**EXERCISE REQUIREMENTS:** Exactly as it appears, restate the whole listing.

**AVAILABLE RECORDS:**
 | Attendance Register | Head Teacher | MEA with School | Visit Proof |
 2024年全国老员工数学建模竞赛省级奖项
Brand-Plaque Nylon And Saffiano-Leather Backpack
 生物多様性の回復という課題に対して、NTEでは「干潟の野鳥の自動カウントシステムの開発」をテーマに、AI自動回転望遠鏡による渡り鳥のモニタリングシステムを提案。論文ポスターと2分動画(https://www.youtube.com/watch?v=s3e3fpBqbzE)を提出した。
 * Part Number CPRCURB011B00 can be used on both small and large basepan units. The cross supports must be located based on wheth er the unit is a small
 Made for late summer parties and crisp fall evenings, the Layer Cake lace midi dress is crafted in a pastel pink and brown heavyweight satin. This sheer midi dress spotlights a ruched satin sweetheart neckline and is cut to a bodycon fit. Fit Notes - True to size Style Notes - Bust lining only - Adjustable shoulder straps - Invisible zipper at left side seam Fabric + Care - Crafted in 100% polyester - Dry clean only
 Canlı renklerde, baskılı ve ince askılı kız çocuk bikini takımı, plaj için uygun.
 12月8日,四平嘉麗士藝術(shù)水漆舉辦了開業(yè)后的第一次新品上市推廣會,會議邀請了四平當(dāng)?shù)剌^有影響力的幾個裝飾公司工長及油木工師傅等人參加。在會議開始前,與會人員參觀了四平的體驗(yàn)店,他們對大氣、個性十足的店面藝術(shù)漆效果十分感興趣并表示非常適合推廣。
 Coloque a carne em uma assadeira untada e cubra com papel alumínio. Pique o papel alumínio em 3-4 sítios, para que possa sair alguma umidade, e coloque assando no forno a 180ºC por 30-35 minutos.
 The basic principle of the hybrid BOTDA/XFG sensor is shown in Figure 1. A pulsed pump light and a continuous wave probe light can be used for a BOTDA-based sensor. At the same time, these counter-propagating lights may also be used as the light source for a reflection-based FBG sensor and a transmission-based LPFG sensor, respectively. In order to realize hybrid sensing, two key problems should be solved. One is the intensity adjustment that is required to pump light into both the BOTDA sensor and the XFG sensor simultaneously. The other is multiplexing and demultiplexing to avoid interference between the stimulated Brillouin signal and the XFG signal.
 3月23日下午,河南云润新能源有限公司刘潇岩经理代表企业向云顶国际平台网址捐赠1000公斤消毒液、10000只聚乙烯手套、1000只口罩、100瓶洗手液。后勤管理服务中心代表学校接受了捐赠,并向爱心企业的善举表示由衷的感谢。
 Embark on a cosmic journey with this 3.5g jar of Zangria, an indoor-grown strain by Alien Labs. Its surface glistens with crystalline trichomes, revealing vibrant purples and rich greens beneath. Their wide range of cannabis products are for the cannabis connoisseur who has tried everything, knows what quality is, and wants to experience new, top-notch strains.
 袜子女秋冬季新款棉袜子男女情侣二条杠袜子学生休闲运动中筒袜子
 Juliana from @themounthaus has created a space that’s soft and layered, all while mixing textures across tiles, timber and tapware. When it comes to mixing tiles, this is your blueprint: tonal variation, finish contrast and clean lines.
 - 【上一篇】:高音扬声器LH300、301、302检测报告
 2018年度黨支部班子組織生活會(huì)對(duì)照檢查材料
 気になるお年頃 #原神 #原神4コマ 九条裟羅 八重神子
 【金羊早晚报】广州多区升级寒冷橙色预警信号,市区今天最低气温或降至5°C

**ANSWER TO THIS PROBLEM:**
 | Attendance Register | Head Teacher | MEA with School | Visit Proof |
 2024年全国老员工数学建模竞赛省级奖项
Brand-Plaque Nylon And Saffiano-Leather Backpack
 生物多様性の回復という課題に対して、NTEでは「干潟の野鳥の自動カウントシステムの開発」をテーマに、AI自動回転望遠鏡による渡り鳥のモニタリングシステムを提案。論文ポスターと2分動画(https://www.youtube.com/watch?v=s3e3fpBqbzE)を提出した。
 * Part Number CPRCURB011B00 can be used on both small and large basepan units. The cross supports must be located based on wheth er the unit is a small
 Made for late summer parties and crisp fall evenings, the Layer Cake lace midi dress is crafted in a pastel pink and brown heavyweight satin. This sheer midi dress spotlights a ruched satin sweetheart neckline and is cut to a bodycon fit. Fit Notes - True to size Style Notes - Bust lining only - Adjustable shoulder straps - Invisible zipper at left side seam Fabric + Care - Crafted in 100% polyester - Dry clean only
 Canlı renklerde, baskılı ve ince askılı kız çocuk bikini takımı, plaj için uygun.
 12月8日,四平嘉麗士藝術(shù)水漆舉辦了開業(yè)后的第一次新品上市推廣會,會議邀請了四平當(dāng)?shù)剌^有影響力的幾個裝飾公司工長及油木工師傅等人參加。在會議開始前,與會人員參觀了四平的體驗(yàn)店,他們對大氣、個性十足的店面藝術(shù)漆效果十分感興趣并表示非常適合推廣。
 Coloque a carne em uma assadeira untada e cubra com papel alumínio. Pique o papel alumínio em 3-4 sítios, para que possa sair alguma umidade, e coloque assando no forno a 180ºC por 30-35 minutos.
 The basic principle of the hybrid BOTDA/XFG sensor is shown in Figure 1. A pulsed pump light and a continuous wave probe light can be used for a BOTDA-based sensor. At the same time, these counter-propagating lights may also be used as the light source for a reflection-based FBG sensor and a transmission-based LPFG sensor, respectively. In order to realize hybrid sensing, two key problems should be solved. One is the intensity adjustment that is required to pump light into both the BOTDA sensor and the XFG sensor simultaneously. The other is multiplexing and demultiplexing to avoid interference between the stimulated Brillouin signal and the XFG signal.
 3月23日下午,河南云润新能源有限公司刘潇岩经理代表企业向云顶国际平台网址捐赠1000公斤消毒液、10000只聚乙烯手套、1000只口罩、100瓶洗手液。后勤管理服务中心代表学校接受了捐赠,并向爱心企业的善举表示由衷的感谢。
 Embark on a cosmic journey with this 3.5g jar of Zangria, an indoor-grown strain by Alien Labs. Its surface glistens with crystalline trichomes, revealing vibrant purples and rich greens beneath. Their wide range of cannabis products are for the cannabis connoisseur who has tried everything, knows what quality is, and wants to experience new, top-notch strains.
 袜子女秋冬季新款棉袜子男女情侣二条杠袜子学生休闲运动中筒袜子
 Juliana from @themounthaus has created a space that’s soft and layered, all while mixing textures across tiles, timber and tapware. When it comes to mixing tiles, this is your blueprint: tonal variation, finish contrast and clean lines.
 - 【上一篇】:高音扬声器LH300、301、302检测报告
 2018年度黨支部班子組織生活會(huì)對(duì)照檢查材料
 気になるお年頃 #原神 #原神4コマ 九条裟羅 八重神子
 【金羊早晚报】广州多区升级寒冷橙色预警信号,市区今天最低气温或降至5°C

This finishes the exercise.